Smith and Freeman began to draw a lot of attention from police as their criminal operations expanded. By forming relationships with key international figures and venturing further into the corrupt gambling scene in New South Wales, the Moffitt Royal Commission saw Freeman to be recognised by NSW police as their primary target. Closely associated to Freeman, Smith was also under police investigation as he was recorded on tape calling upon underworld figures and illegal casino operators to put up cash in order to bribe members of parliament to secure casino licences for illegal activities at the Taiping restaurant on Elizabeth Street. Later, in a Royal Commission into Drug Trafficking that Smith was involved in due to charges of drug possession, it was made apparent that Smith "unwittingly frightened politicians out of legalising casinos in New South Wales" because of his recommendation to bribe officials. The meeting where this evidence was recorded has been referred to as the "Taiping Conspiracy" as it involved communication between Parliament House and criminal underworld figures. In this period, political party independent John Hatton, who sought the legalisation of casinos in New South Wales, stated that Stanley Smith ‘is said to have replaced the so-called "Mr Big", Leonard Arthur McPherson’.

Smith’s network began to change as his criminal activity began to primarily involve the trafficking of drugs whereby he became close with international drug trafficker, Lawrence McLean. His role in drug trade developed from being a standover man to that of an organisational role whereby he ran the scene and ordered other men to do the ‘dirty work’. By the mid-1970s Smith and McLean were heavily involved in the production and trade of cannabis. Smith was arrested in March 1977 near Melbourne Airport for possession of hemp. After Smith's arrest, Freeman went to the police to enquire about bail which was paid by his employee Lynette Black who paid $20,000 in cash.

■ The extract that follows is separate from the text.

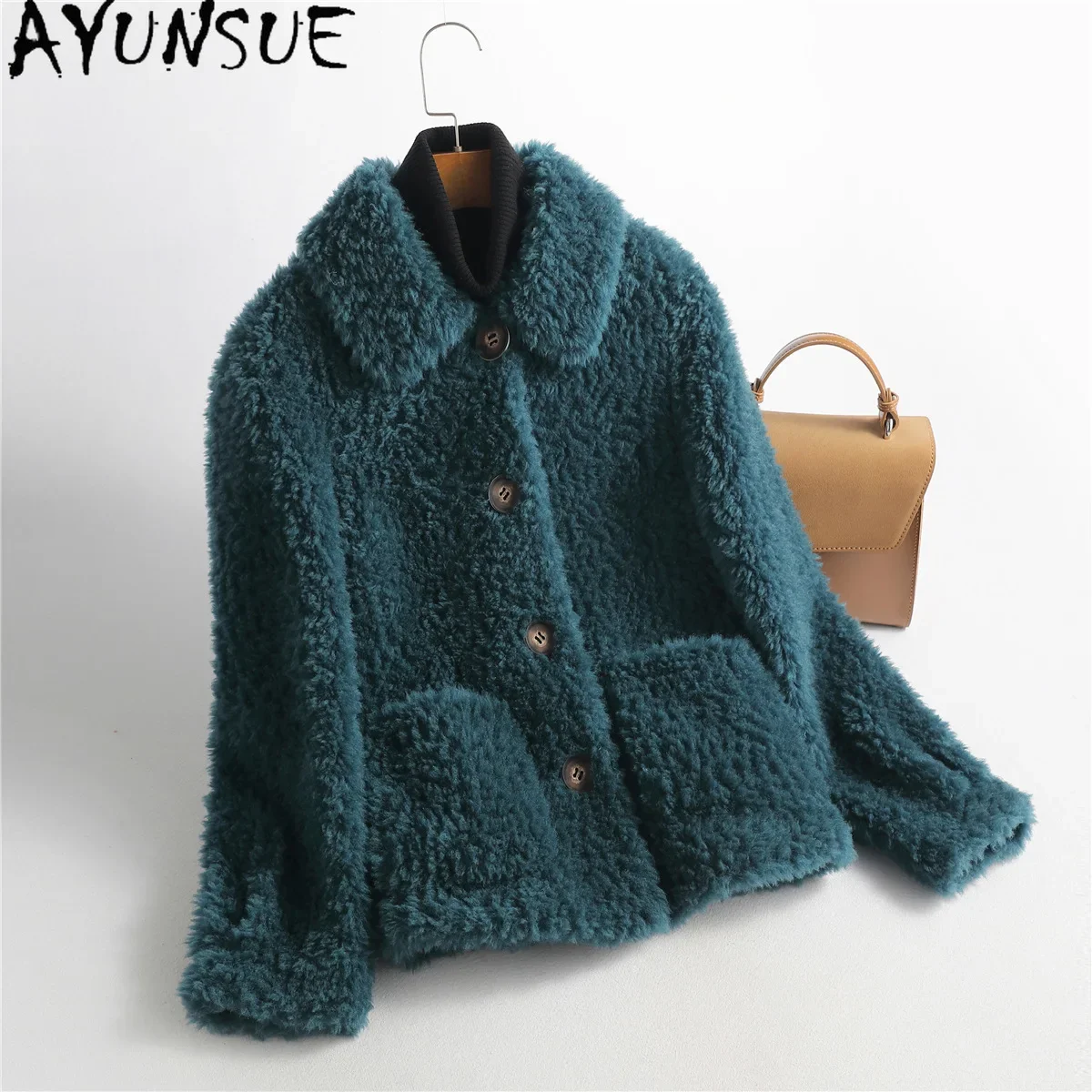 AYUNSUE Casual Sheep Shearing Jacket for Women Autumn Winter Single-breasted 100% Wool Coat Fashion Ladies Coats and Jackets

In the Woodward Commission that followed, Smith pleaded his innocence to the drug charges. In the Commission he stated "I am not involved in drug matters and these allegations are all the more hurtful to my family and myself when the fact is that my eldest son, who is twenty-one years of age, is currently serving a jail sentence for drug-related offences and has been a hopeless heroin addict for some years now. We have tried to face this problem and rehabilitate him, without success, and the allegations now being made are in the circumstances particularly hurtful." Smith was found guilty and sentenced to 15 months in prison by Justice Phillip Woodward in 1979 after being convicted for possession of amphetamines and cannabis. Despite many other allegations and arrests for a range of different crimes, this was his only stint in jail.

== Later life ==

=== Family ===
Stan Smith remained married to his childhood sweetheart, Marilyn Moss from the age of 18 until his death 54 years later. In their time together they had three sons named Stan Jr., Hayden and Peter. His eldest, Stan Jr. died of a heroin overdose at the age of 21. There were allegations that Smith was involved in the murder of his son's heroin dealer in an act of revenge. The dealer's body was repeatedly run over by a car and left to die near Narrabeen Lakes which happened shortly after Stan Jr.'s overdose.

=== Religion ===
Smith turned his life around in his later years, becoming a devout Christian in 2003 as he began to regularly attend the Evangel Bible Church at Putney as well as joining bible groups and attending to other religious gatherings. In contrast to his former life of violence and criminality, Smith would devote time to feeding underprivileged people in his area and sharing his religious beliefs. According to friends confirmed by private investigator, Rex Beaver, Stanley was running legitimate businesses as he continued to live a life of a Christian in his later years.

=== Death ===
Stan Smith died in 2010 in his Gladesville home at the age of 72 in 2010. He was survived by his wife, Marilyn and son, Hayden.